Well, yes, as a matter of fact, I imagine many of the screencaps I’ll use to illustrate Department S will feature Peter Wyngarde and a pretty guest star, in this case Juliet Harmer from Adam Adamant Lives!.
So anyway, we started a few days ago with the first episode that is typically broadcast, but “The Man in the Elegant Room,” written by Terry Nation, was the first one they produced, and it’s a somewhat better introduction to the characters. It’s not perfect on that front, because this was made in an era when TV series were made to be shown in any order whatsoever, so I still ended up pausing the episode to explain to our son that this Mark Caine dude they keep mentioning is the fictional superspy who stars in Jason King’s celebrated paperbacks.
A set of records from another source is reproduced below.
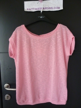 เสื้อสีชมพูโอรสปกบัวแขนสั้น ดีเทลใต้ปกเป็นผ้าลูกไม้ลายจุด
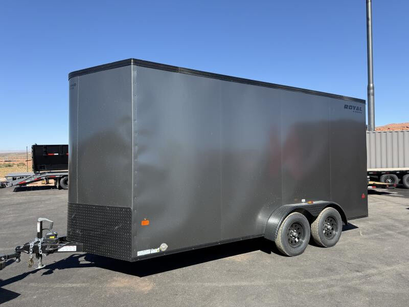 Trailer Specs: Color: Charcoal .030 Bonded Aluminum Interior/Bed: Length: 16' Box + V-Nose Width: 6'8" Height: 7'0" Door/Ramp: Rear Spring Assist Ramp Door (Width: 72" x Height: 80") Weight: 2,465 lbs. | GVWR: 7,716 lbs. | Payload: 5,251 lbs.
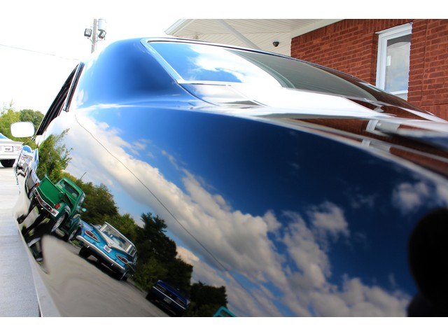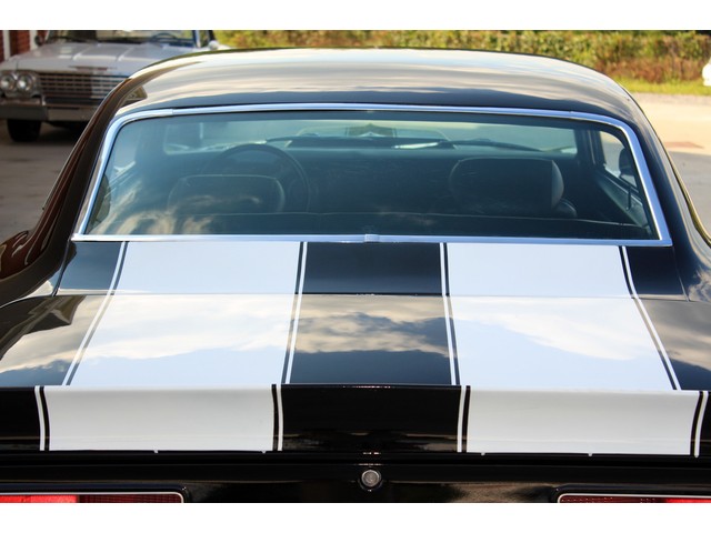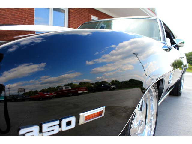 We will start off with the exterior of the Camaro. As we said it was pulled all the way apart to be painted. The body is straight and has a good fit and finish. Everything is covered in the Tuxedo Black Paint that is accented by the White Z stripes that are laid under the clean. It all shows well with a deep shine. At the time of the resto new bumpers as well as new emblems along with outside door handles were installed. They also replaced the weather stripping to ensure a good fit of the doors and trunk. The final exterior touch is the set of 18” and 20” Billet Specialties with New Tires.

But overall, he agreed that this was far less confusing, even though the plot is, delightfully, a real headscratcher. A real estate agent shows off one of his warehouse properties, only to find that in the five months since he last inspected it, somebody has built a full-size mockup of an elegant room inside. And trapped behind bars in this room, there’s a dead woman and a young man who is so disturbed he can barely speak anymore. Jason reasons that the room must be a replica of a room in a real home somewhere in London, and it’s been designed to plan a robbery. But they find the home and the owner, played by Stratford Johns, shows them that the only thing in his room worth stealing is a small amount of jewelry in the wall safe.
Overall, I thought this was much better than “Six Days” and should have been the first one shown. It kept us guessing for a good while and ends with a satisfactory shootout. I was amused to see Stratford Johns in this because I believe this was made in April of 1968, meaning he was at work on “Legacy of Death”, another Terry Nation script, this time for The Avengers, just a few weeks later.